If you have already broken long chromosomes, I am not sure the crash was caused by the long-sequence bug in miniprot. It could be due to insufficient memory as miniprot may use memory ~10 times more than the input genome during indexing; alignment takes less memory.
Anyway, try miniprot from github HEAD. It is supposed to work with >2Gb chromosomes. Let me know how that works. Thanks.
this worked perfectly, thank you
@tbrown91 VGP folks were talking about not classifying retrocopies as duplicates two weeks ago. Neng added the feature and released v0.2.7. With option --retrocopy, compleasm reports a new class "R" for a gene having one multi-exon copy and ≥1 single-exon copies. We haven't extensively tested the feature. Let us know if you are interested. Also note that v0.2.7 only works with the latest BUSCO database odb12.
Thanks @lh3. Once I have the list of genomes, I would like to include this when generating compleasm scores for every genome. Do you know if it dramatically increases runtime/memory or affects the way the other classes are scored?
Hi @tbrown91,
Retrocopy will only affect the score of the duplicated genes and will not affect the scores of other gene classes. However, due to the difference between odb12 and odb10 dataset, the logic of calculating the score of each class has changed a little bit. The results of the latest version will be slightly different from those of the previous version. Runtime/memory is not affected.

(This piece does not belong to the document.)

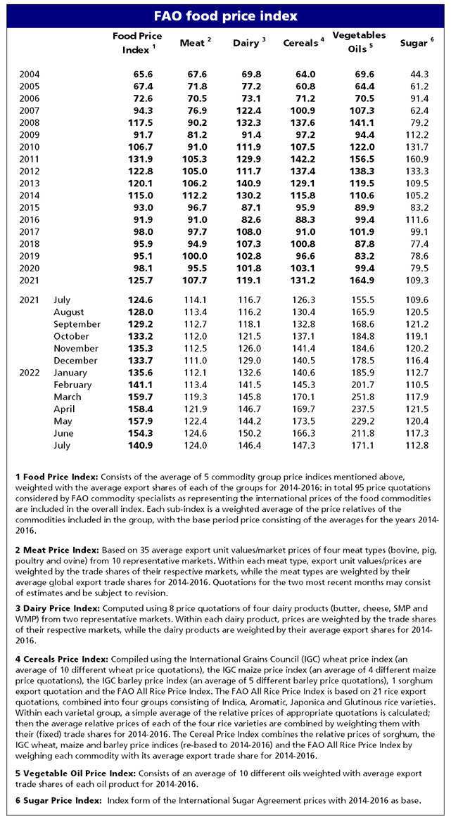 FAO-nun Taxıl Qiymətləri İndeksi aylıq müqayisədə 11,5 faiz azalaraq iyul ayında orta hesabla 147,3 bənd təşkil edib. İllik müqayisədə16,6% artım var. Dünya buğda qiymətləri qismən Ukraynanın Qara dənizdəki əsas limanlarını blokdan çıxarmaq və Ukraynadan taxıl ixracını bərpa etmək üçün Ukrayna ilə Rusiya arasında razılaşmanın imzalanması ilə iyul ayında 14,5 faizə qədər ucuzlaşıb. Şimal yarımkürəsində məhsulun mövsümə uyğunluğu da qiymətlərin geri çəkilməsində təsir edib. Bununla belə, beynəlxalq buğda qiymətləri hələ də keçən ilin iyul ayı dəyərlərindən 24,8 faiz yüksəkdir.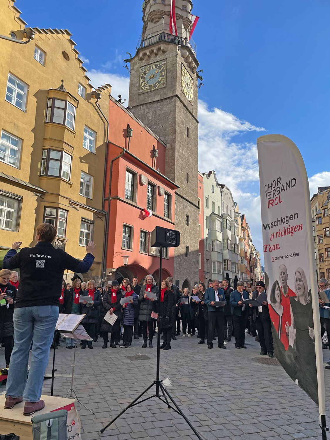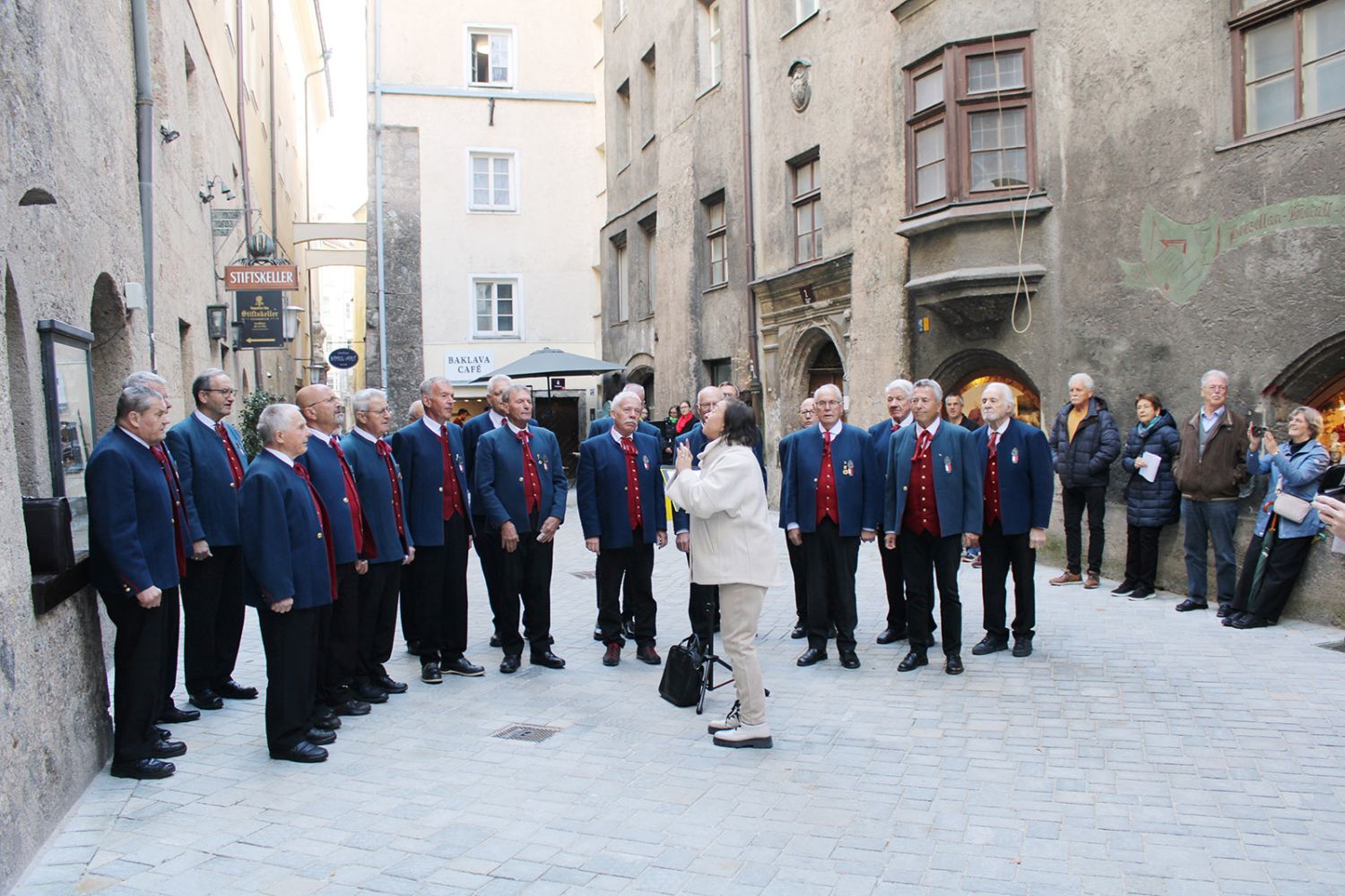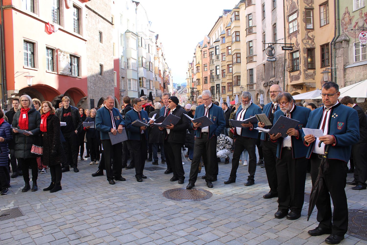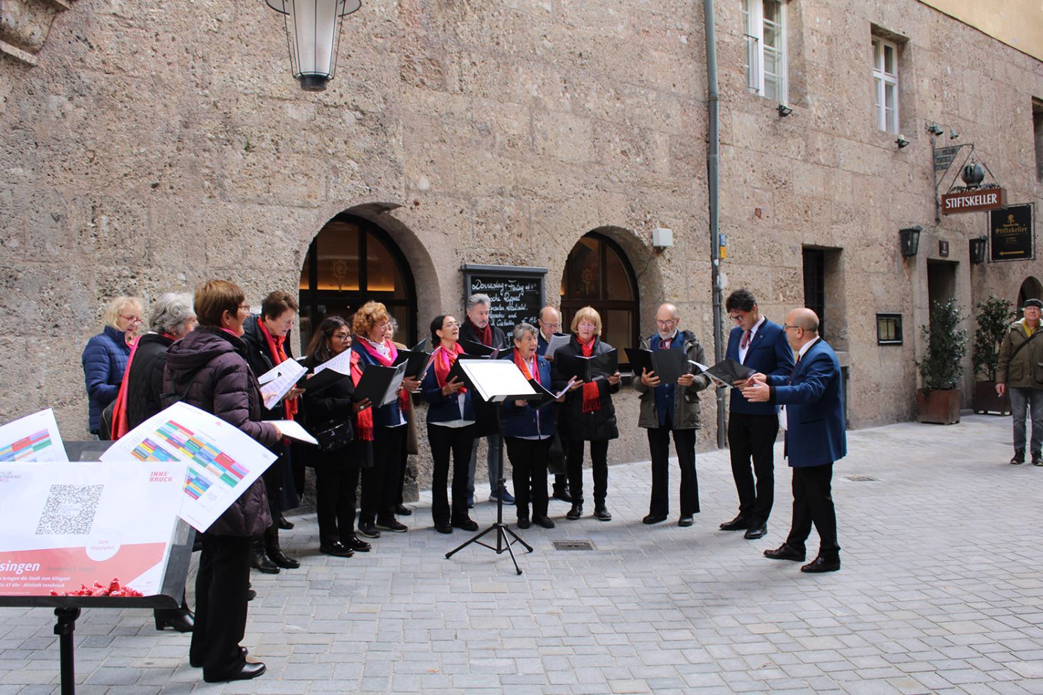 Ein klangschönes Platzlsingen von Chören des Chorverband Tirol erfreute die Zuhörerinnen und Zuhörer am 26. Oktober 2025 in der Innsbrucker Altstadt.

Thanks @huangnengCSU I have tested the retrocopy mode on the VGP genomes. I'll try and present it at some point at one of the Friday meetings.
I have a small feature request for the future as well to output the locations of the detected genes in gff format. I think all of the necessary information is there in the full_table.tsv, where each CDS could be extracted from the "Codons" column.
Thank you for being so responsive to my questions and gripes, I really appreciate it. I'm happy for you to close this "Issue" to tidy up your github if you would like.
Hi @tbrown91,
I have added the gff output of detected genes. You can try it by the source code without additional argument.